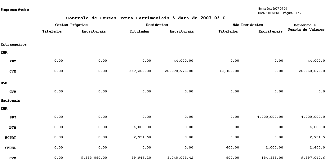 Este mapa fornece um resumo das contas extrapatrimoniais (contas que reflectem os títulos de terceiros à guarda da instituição onde está instalado o Sifox), distinguindo-as conforme o tipo de contas: contas próprias, de residentes, não residentes e contas associadas ao depósito e guarda de valores. Dentro de cada um destes grupos distinguem-se os títulos de acordo com a sua natureza (escriturais ou titulados). As contas são, ainda, distinguidas pela moeda em que são emitidos. Esta informação é retirada directamente do Sifox e os valores indicados representam, para cada categoria, o produto da quantidade de títulos pelo respectivo valor nominal. Este mapa serve de apoio ao registo manual dos movimentos referentes às contas extrapatrimoniais, nomeadamente as contas do tipo 95 e 96.
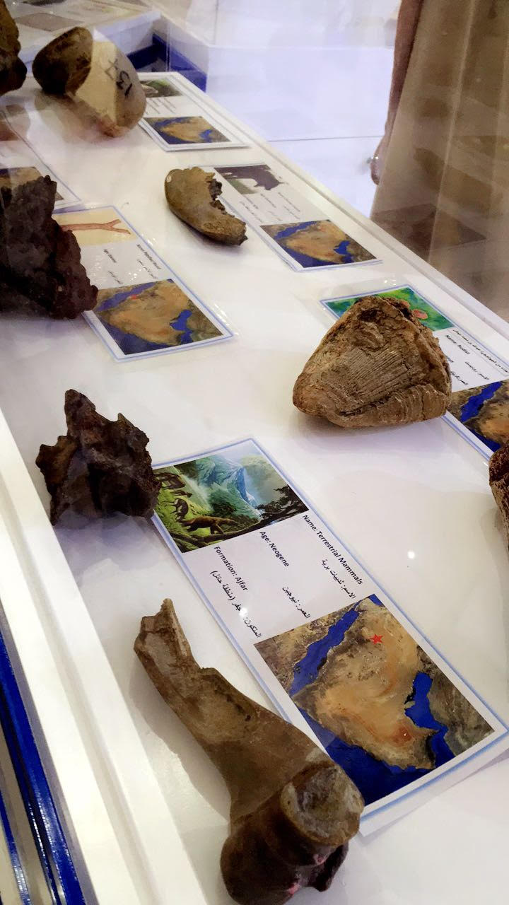 يعكس اهم أعمال الهئية ومهامها الفنية وإنجازاتها وآخر الإكتشافات التي تم العثور عليها في صحراء النفوذ.وأكد معالي رئيس الهيئة بأن هذه الفعاليات ضمن سلسلة من النشاطات التي قررت الهيئة تنظيمها في جميع أنحاء المملكة خلال الفترة القادمة..وأوضح معالية أن المعرض سلط الضوء على الأعمال الفنية والجيلوجية التي تقوم بها الهيئة من خلال عدة اجنحة ومنها جناح الأحافير الذي يعرض أهم الإكتشافات التي تم الوصول اليها في منطقة النفوذ الكبير ،حيث تم إكتشاف أحافير وثديات برية يصل عمرها مابين ٦٠٠الف مليون عام مضت .وتم عرض (عضد ) و( فك سفلي ) والعديد من الأجزاء المكتشفة. أيضاً تضمنت الفاليات عرض مرئي عن النشاط الزالزالي والبركاني في المملكة وتوزيع محطات الشبكة الوطنية للرصد الزلزالي وكيفية تسجيل الهزات الأرضية،وتقديم بعض الأمثلة لهذة الأجهزة.كما تضمن العرض مجسم بركاني يوضح الشكل الحقيقي لأهم الفوهات البركانية في المملكة ..بحيث يستطيع الزائرين الإطلاع على كل العروض مباشرةً وينقلهم هذا المشهد الى تلك الحقبة الزمنية بطبيعتها القديمة…
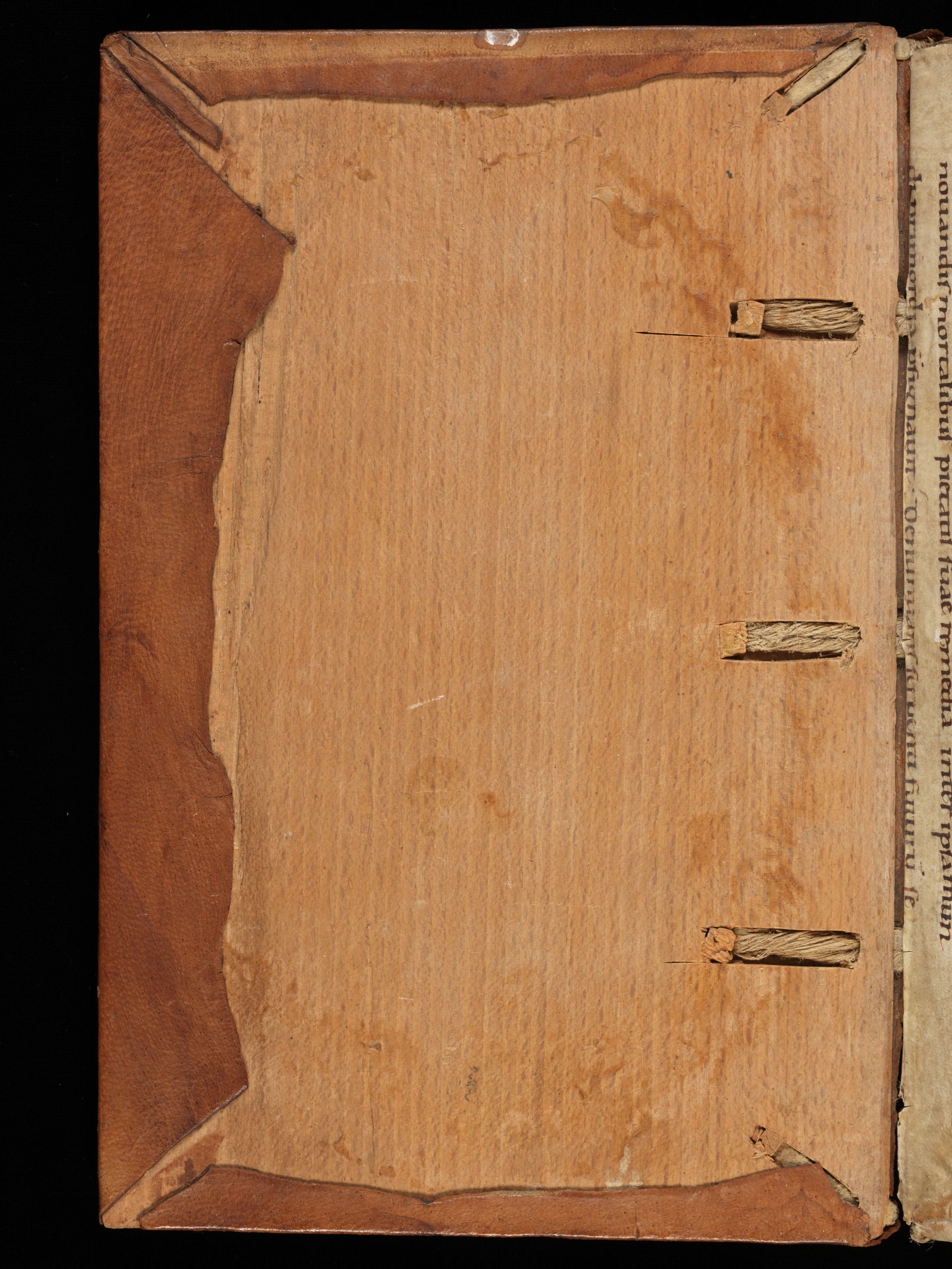 Die Innenseite dieser Buchdecke ist nicht beklebt, so ist die Verbindung zwischen Decke und Bünde sichtbar. St. Gallen, Stiftsarchiv (Abtei Pfäfers), Cod. Fab. X, Vordere Innenseite. https://www.e-codices.unifr.ch/de/list/one/ssg/0010
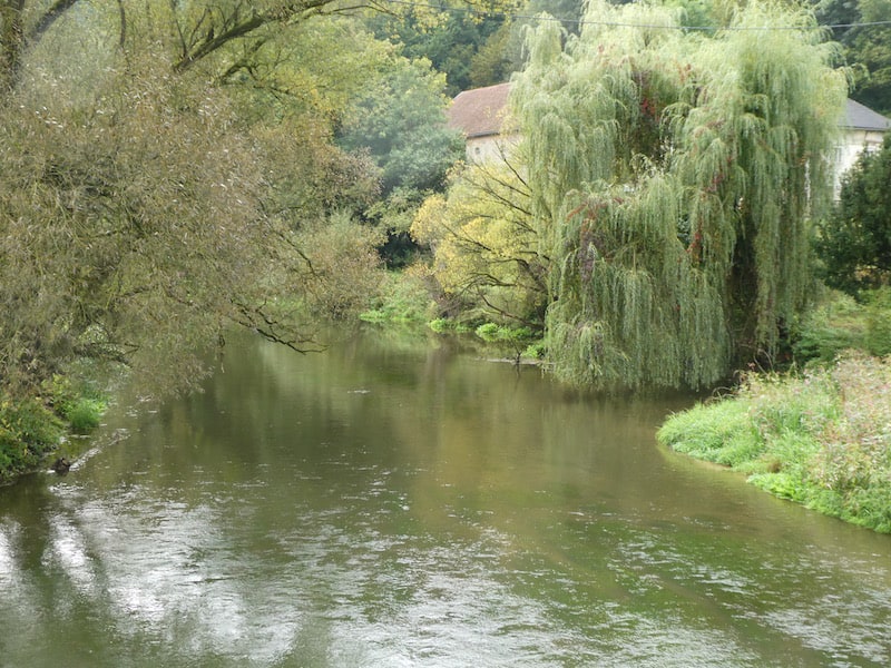Die geringe Fliesgeschwindigkeit macht die Altmühl so beliebt bei Kanufahrern. Bei diesem Wetter ist aber niemand unterwegs.
-*-*-
▶ _Directions_:
Find the line with "يعكس اهم أعمال" in the data above, and from there retype each line exactly through the line with "Die Innenseite dieser", skipping the pictures along the way.

▶ _Written solution_:
 يعكس اهم أعمال الهئية ومهامها الفنية وإنجازاتها وآخر الإكتشافات التي تم العثور عليها في صحراء النفوذ.وأكد معالي رئيس الهيئة بأن هذه الفعاليات ضمن سلسلة من النشاطات التي قررت الهيئة تنظيمها في جميع أنحاء المملكة خلال الفترة القادمة..وأوضح معالية أن المعرض سلط الضوء على الأعمال الفنية والجيلوجية التي تقوم بها الهيئة من خلال عدة اجنحة ومنها جناح الأحافير الذي يعرض أهم الإكتشافات التي تم الوصول اليها في منطقة النفوذ الكبير ،حيث تم إكتشاف أحافير وثديات برية يصل عمرها مابين ٦٠٠الف مليون عام مضت .وتم عرض (عضد ) و( فك سفلي ) والعديد من الأجزاء المكتشفة. أيضاً تضمنت الفاليات عرض مرئي عن النشاط الزالزالي والبركاني في المملكة وتوزيع محطات الشبكة الوطنية للرصد الزلزالي وكيفية تسجيل الهزات الأرضية،وتقديم بعض الأمثلة لهذة الأجهزة.كما تضمن العرض مجسم بركاني يوضح الشكل الحقيقي لأهم الفوهات البركانية في المملكة ..بحيث يستطيع الزائرين الإطلاع على كل العروض مباشرةً وينقلهم هذا المشهد الى تلك الحقبة الزمنية بطبيعتها القديمة…
 Die Innenseite dieser Buchdecke ist nicht beklebt, so ist die Verbindung zwischen Decke und Bünde sichtbar. St. Gallen, Stiftsarchiv (Abtei Pfäfers), Cod. Fab. X, Vordere Innenseite. https://www.e-codices.unifr.ch/de/list/one/ssg/0010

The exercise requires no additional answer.